# Buying a Z, please settle an argument!!



## MAGGOTVOMIT (Nov 10, 2006)

My stepson is wanting an 80's Z. I told him I'd help him out anyway I could.

A few years ago a coworker had told me that he has owned Z's 
most of his life. He had told me during casual conversation that he thought an 88 or 89 would be my best choice of the 80's model 300Z's. My son has found an '84 turbo Z for $3000 and he and his mother have ganged up on me and have not even researched any pros or cons on the '84, but are ready to blindly jump on the first Z they find. 

That is why I'm here, to ask you experts and maybe we can buy the best Z for him using your advise.

Please help!!

Thanks in advance


----------



## Spongerider (Nov 18, 2002)

MAGGOTVOMIT said:


> My stepson is wanting an 80's Z. I told him I'd help him out anyway I could.
> 
> A few years ago a coworker had told me that he has owned Z's
> most of his life. He had told me during casual conversation that he thought an 88 or 89 would be my best choice of the 80's model 300Z's. My son has found an '84 turbo Z for $3000 and he and his mother have ganged up on me and have not even researched any pros or cons on the '84, but are ready to blindly jump on the first Z they find.
> ...


You are right. 88/89 Z31's in _general_ will have lower mileage (less wear and tear) and the bugs are worked out of a car compared to a earlier years for that model. Also the later z31 are faster the the 84's. 

If they still don't listen to you make sure the car is check over at a Nissan dealership or a Z specialist and to let your friend check the Z out. 

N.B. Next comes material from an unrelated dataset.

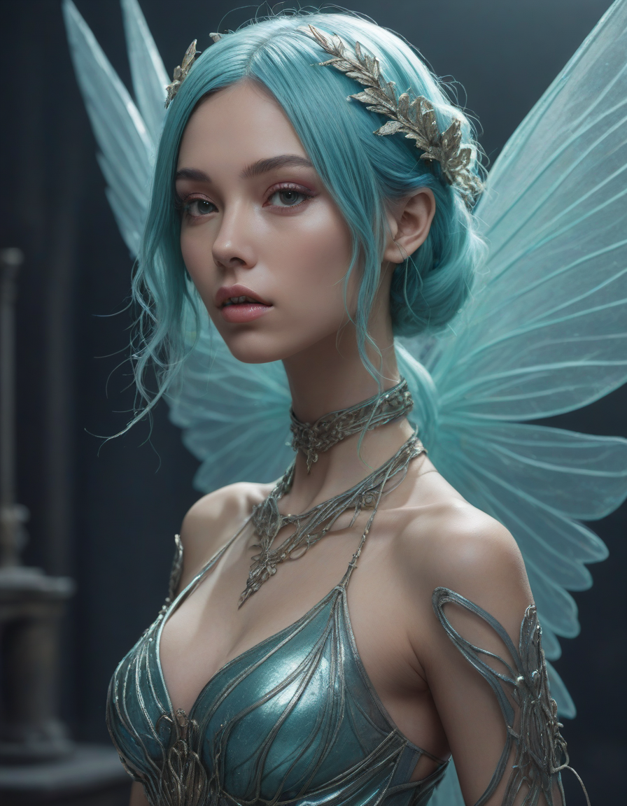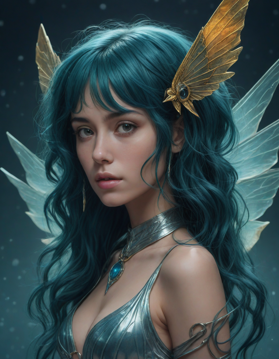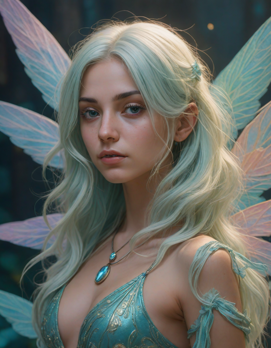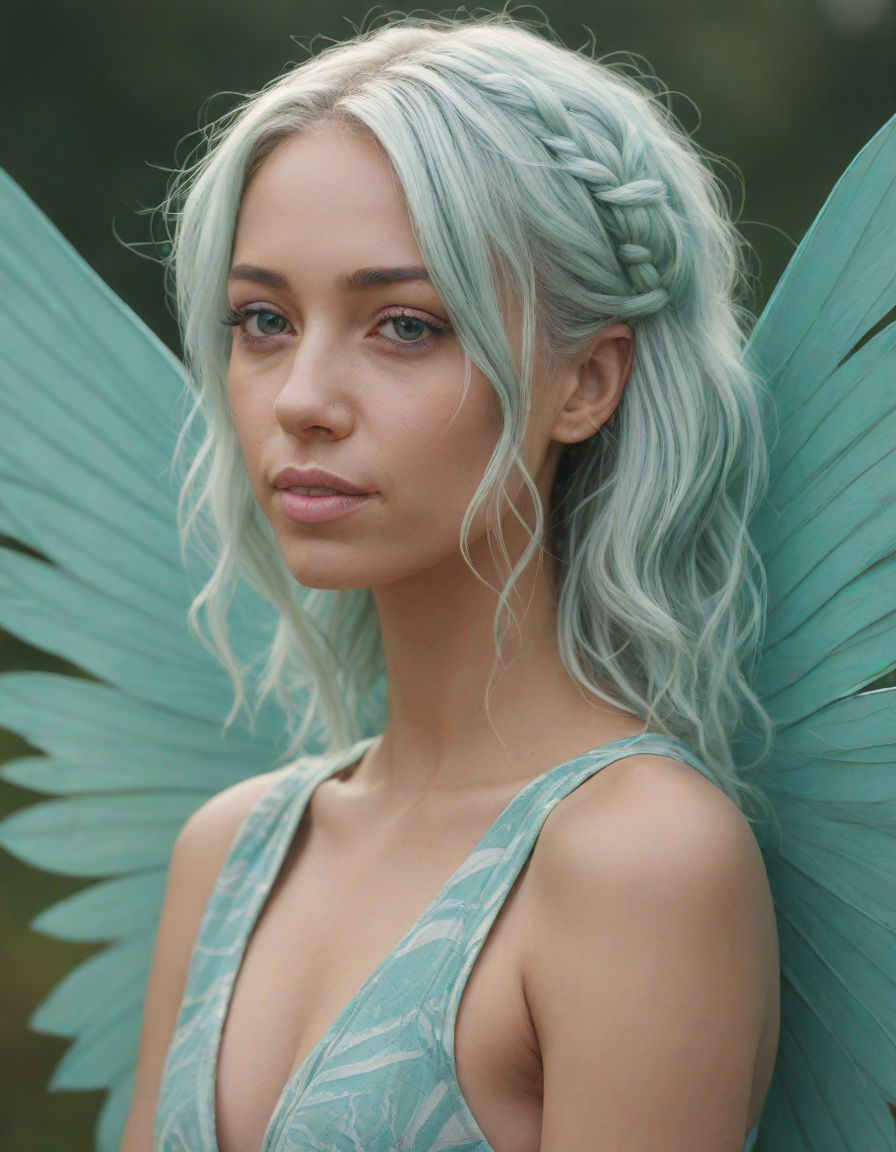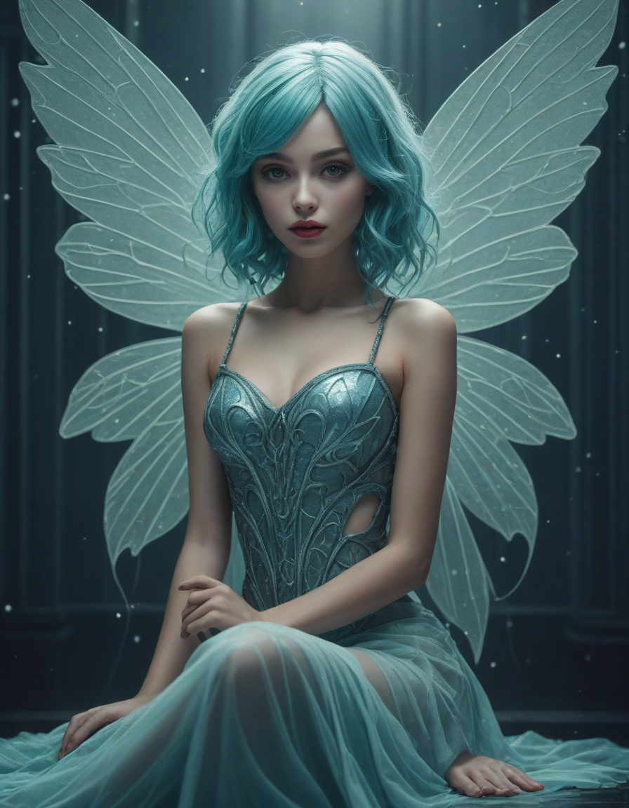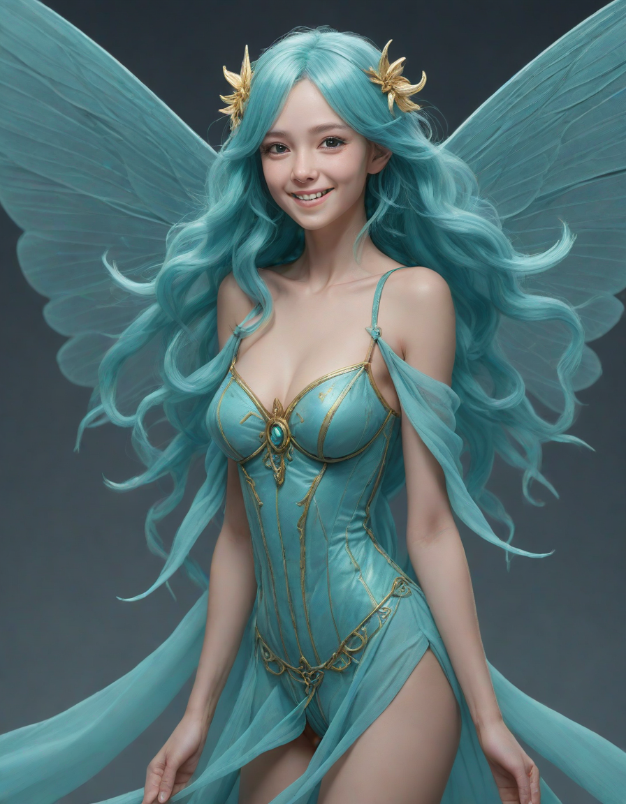 a radiant, aquamarine-haired fairy flitting about on delicate, translucent wings

Don't get me wrong you still might find a good 84.


----------



## Zen31ZR (Mar 24, 2004)

The 84 Turbo Z did not have a water cooled turbo, making it a low priority choice for a starter Z car. The 84 did have an anniversary model, which might be worth something if kept care of. 85-87 had the bigger T3 watercooled turbo, 88-89 had a much smaller T25 turbo which would tend to give out if exposed to too high a boost level through any modifications. I would suggest somewhere in the 85-87 range, personally..


----------



## Burn 17 (Dec 1, 2004)

yes the 87-89 are good years, and naturaly the later you go the better the car, typicaly.

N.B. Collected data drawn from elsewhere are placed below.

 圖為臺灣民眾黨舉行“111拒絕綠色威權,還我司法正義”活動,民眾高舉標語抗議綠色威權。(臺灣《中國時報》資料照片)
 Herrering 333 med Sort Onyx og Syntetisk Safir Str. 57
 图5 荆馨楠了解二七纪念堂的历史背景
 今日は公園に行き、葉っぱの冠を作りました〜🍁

personaly i realy like the drive of my 87 300zx


----------



## my86z (Jun 19, 2006)

I much prefer the 86's myself.


----------



## AZ-ZBum (Nov 21, 2004)

Spongerider said:


> Also the later z31 are faster the the 84's.


No they aren't. They are all about the same. The 84/85 models were the lightest.

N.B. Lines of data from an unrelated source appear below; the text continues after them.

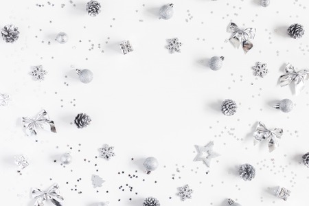 Christmas composition. Frame made of white and silver decorations, pine cones on white background. Christmas, winter, new year concept. Flat lay, top view, copy space
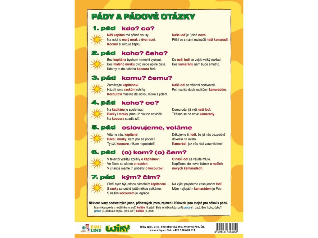 Didaktická pomůcka, která pomůže zvládnout učivo z tvarosloví našim školákům. Přehledné příklady na lamino kartě.
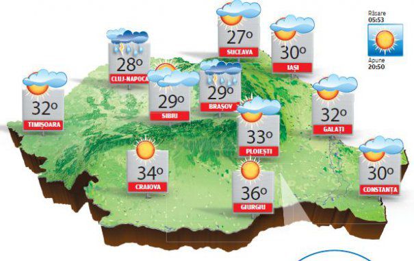 Temperaturile vor fi cuprinse între 13 şi 36 de grade Celsius, mai scăzute în depresiunile din estul Transilvaniei. Vor fi înnorări trecătoare, averse, descărcări electrice şi intensificări de scurtă durată ale vântului, local, în zona montană şi doar izolat în vestul, nord-vestul şi centrul ţării. În rest, cerul va fi variabil. În Capitală, vremea va fi călduroasă, iar disconfortul termic va creşte. Temperaturile vor fi cuprinse între 19 și 34 de grade Celsius. Cerul va fi mai mult senin, iar vântul va sufla slab, până la moderat.
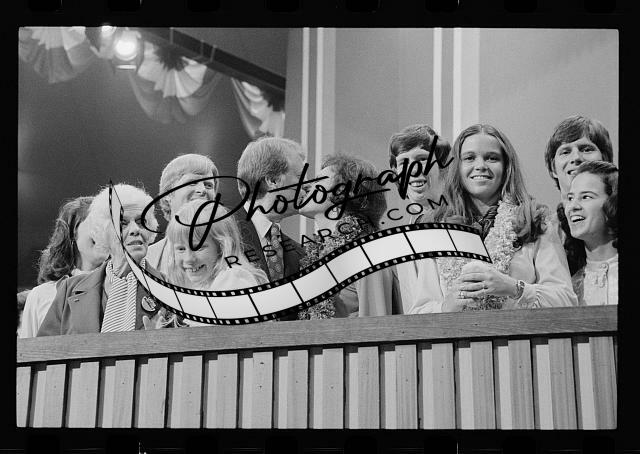 Jimmy and Rosalynn Carter kissing, surrounded by family, including Amy and Lillian, at the Democratic National Convention, New York City

As far as what's better....

mechanically, all models from 84 to 89 are virtually the same. Minor improvements were made during the years, but nothing so significant it makes one that much better than another.

At this point, the best year to get will be based off the overall condition of the vehicle.


----------



## SNACKS67 (Mar 31, 2007)

BOUGHT MY 84TURBO 5 YEARS AGO W 95K. AT ABOUT 135K HAD TO REPLACE CLUTCH, THERMOSTAT, ALTERNATOR, POWER STEERING PUMP, AND WATER PUMP. 150K NOW AND STILL STARTS RIGHT UP AND STILL GETS TO 100MPH IN NO TIME. NO PROBLEMS W TURBO


----------



## Lou84AE (Apr 4, 2007)

88-89 Z31s are not faster than 84-87
84-87 have the T3 turbo (84 is air cooled)
88-89 have the t25 turbo

3,000 $ sounds like a lot of money for a 84 turbo but that all depends on the condition of the vehicle and the mileage.


Have you looked at this car yet? What is the mileage?


----------



## AZ-ZBum (Nov 21, 2004)

psst: thread was started in November 2006.


----------